The hermit ibis (Geronticus eremita) is also known in Spanish as the northern bald ibis. Its scientific name points directly to the sparse, widely scattered feathers that protrude from its bald head and give it a lamentable appearance. This formal decrepitude can inspire a kind of compassionate affection, especially when the creature also has the face of an idiot, round eyes, and a stunned expression.

Geronticus eremita
An article in New Scientist claims that, some 400 years ago, poaching and climate change drove the species out of the northern foothills of the Alps. Such a span of time strikes me as excessive for taking unidirectional climatic variations too seriously. I do not buy the poaching part either, because even in books on witches there are no potions or recipes that call for these poor wretches.
This text is about a photograph. But the story far exceeds the excellence of the image.
In a very light flying contraption, Helena Wehner and Johannes Fritz take to the air. Both are part of an Austrian conservation group known as Waldrappteam. Its members are trying to reestablish a healthy population of the species in Europe. Waldrappteam is a compound German word in which Wald means forest, Rapp is associated with the raven or with animals of dark plumage or fur, and together they form Waldrapp, the bird’s name in its own language. Team is what two or more people do together in order to accomplish something.
Johannes is the pilot, and Helena, megaphone in hand, sings in German a set of elaborate ornithological romances, with the aim of guiding the birds toward their new winter homes. These inexplicable Germans raise them by hand, scratch the backs of their necks, and feed them earthworms. They manage to establish sincere bonds with them, and the birds follow them even when they are aboard an aircraft. As the ugly follow anyone who, for an instant, pays them attention.
Since its inception in 2004, the migration project has gathered followers and admirers of every kind in the communities along the birds’ route. Their journey covers approximately 2,800 kilometers in 50 days, from southeastern Germany to southwestern Spain.

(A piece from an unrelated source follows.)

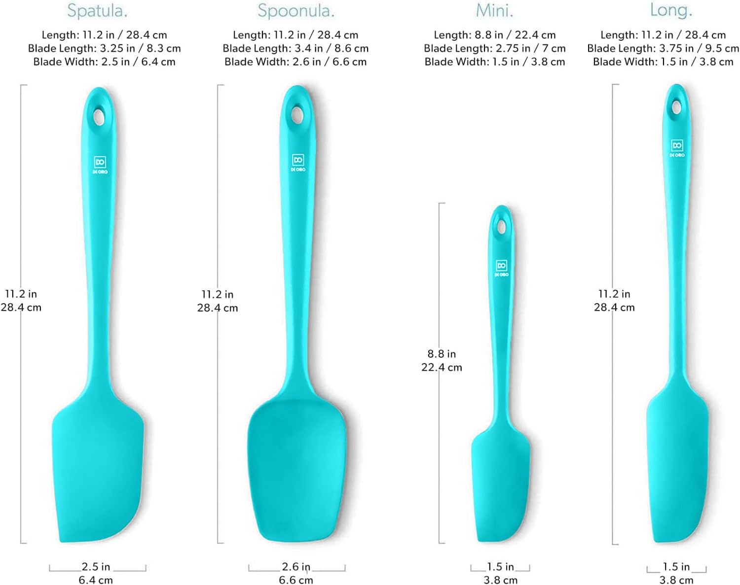 DI ORO Silicone Spatula Set - Rubber Kitchen Spatulas for Baking, Cooking, & Mixing - 600°F Heat-Resistant & BPA Free Silicone Scraper Spatulas for Nonstick Cookware - Dishwasher Safe (4pc, Teal)

Gunnar Hartmann by Baldur Hartmann
The photograph of this formation flying over the olive groves of Jaén, in southern Spain, was taken by student Gunnar Hartmann and earned him the overall prize in Nature’s Scientist at Work 2026 competition. Hartmann joined the conservation team as a volunteer in 2024, when he was a science student at the University of Koblenz, in Germany. Upon receiving the prize, Hartmann confessed that the photograph stirred intense emotions in him, that it made him smell the air of that morning and hear the birds’ racket. Youth, divine treasure.